Survey Pinpoints Root of Broken Families, Childhood Poverty
Poverty. Educational Attainment. Teenage out-of-wedlock births.
Those are some of the issues the Family Research Council’s Marriage & Religion Research Institute (MARRI) released its second annual Index of Family Belonging and Rejection this week.
MARRI director Dr. Pat Fagan said this year’s index shows that the family is hugely important in determining a child’s future success or failure. States with higher rates of strong families have higher rates of high school graduation as well as higher average scores on the National Assessment of Educational Progress.
Fagan said family structure is actually more closely linked to educational outcomes than government spending. That’s why it’s so troubling that only 45.8 percent of American children reach the age of 17 with both their biological parents married since before or around the time of their birth.
“States with higher scores on the Index have lower child poverty rates, and states that score low have high child poverty rates,” Fagan said. “A father is motivated to work harder to support a child when he is the biological parent of the child and lives with the child and mother. Conversely, many non-residential parents do not pay child support, and those that do, do not pay much.”
Geographically speaking, the Index of Family Belonging is highest in the Northeast (49.6 percent) and lowest in the South (41.8 percent). Minnesota (57 percent) and Utah (56.5 percent) have the highest Index of Family Belonging values of all the states; Mississippi (34 percent) has the lowest. Family belonging is, as in 2008, strongest among Asians (65.8 percent) and weakest among African-Americans (16.7 percent).

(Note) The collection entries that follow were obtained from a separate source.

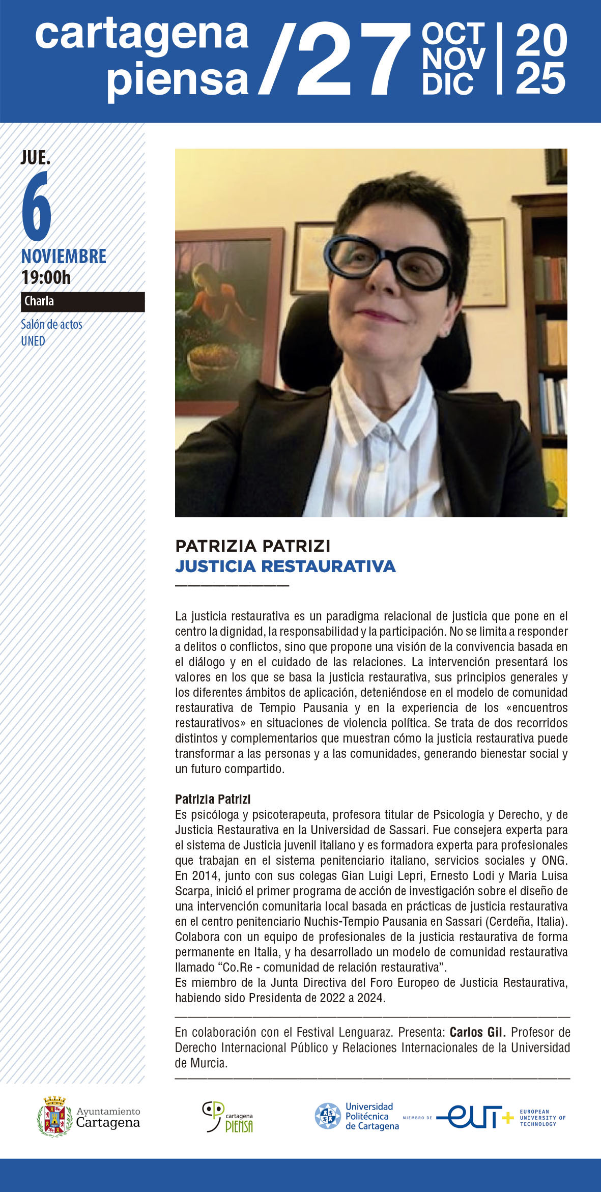 Cartagena Piensa, el programa que sostiene el Ayuntamiento, en colaboración con la UPCT y que desarrolla y programa el grupo promotor, organiza este jueves 6 de noviembre una charla impartida por la psicóloga italiana Patrizia Patrizi sobre la Justicia restaurativa. Arrancará a las 19:00 horas en el salón de actos de la UNED. La entrada es libre, hasta completar aforo.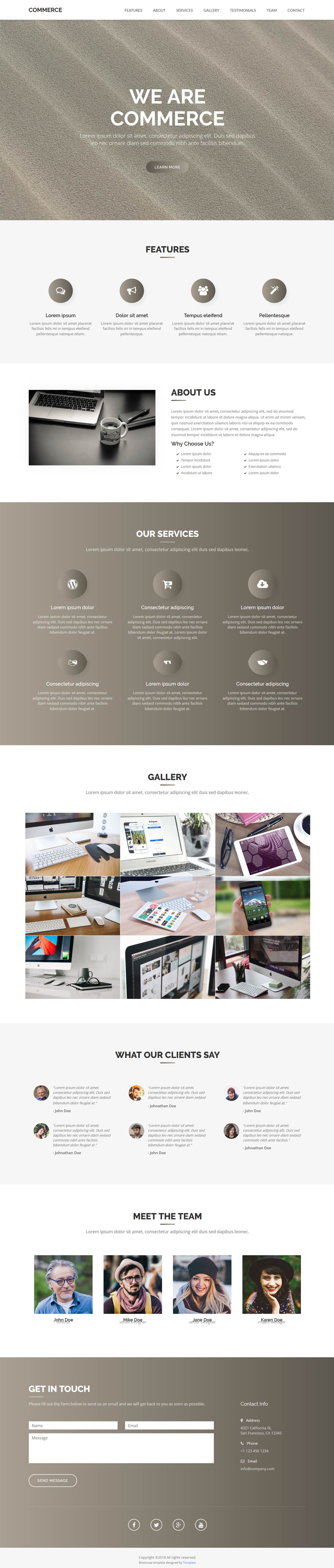 Commerce is a feature rich and multipurpose bootstrap template for you to get started with your website. The full screen image header is designed to impress. Besides, the sticky header assures easy navigation. Moreover, it comes with various website sections to describe different aspects of your business.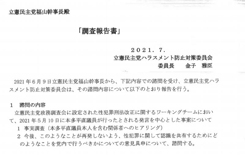 立宪民主党骚扰防止委员会将这一事件进行整理,公示了一部关于本多“同意性交”发言的调查报告书。报告书显示,2021年4月起,就是否将日本刑法第177条中“同意性交的最低年龄”从13岁提升至16岁的修正方案,立宪民主党政务调查会上成立的“关于性犯罪刑法改正的工作组”进行了多次讨论。
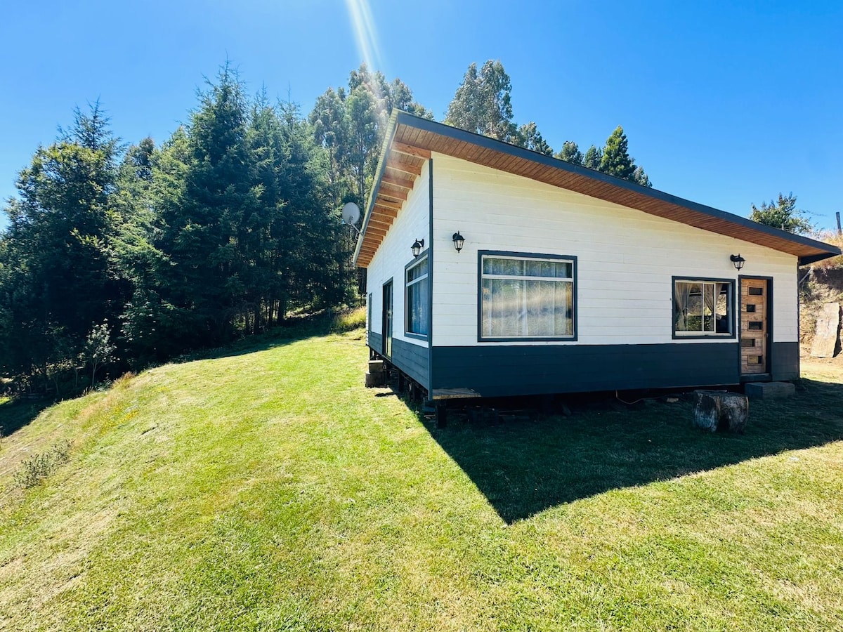 hermosa cabaña ubicada a la orilla del río, con bajada incluida donde podrán relajarse escuchando el sonido del agua, ademas mencionar que la cabaña esta completamente nueva y full equipada

Research at the individual family level has shown that adolescents who live in single-parent families or stepfamilies are more likely to have out-of-wedlock births, Fagan said. This continues the endless cycle of broken families and childhood poverty.
“Government can do two things to help alter this trend. The first is to help in creating, compiling and publicizing sound research evidence on the links between family living arrangements and youth development, as well as those between family characteristics and community functioning and well-being,” Fagan said. “The second is in ensuring that governmental policies intended to help those in need do not have unintended consequences that create moral hazard and encourage the formation of more high-risk families.”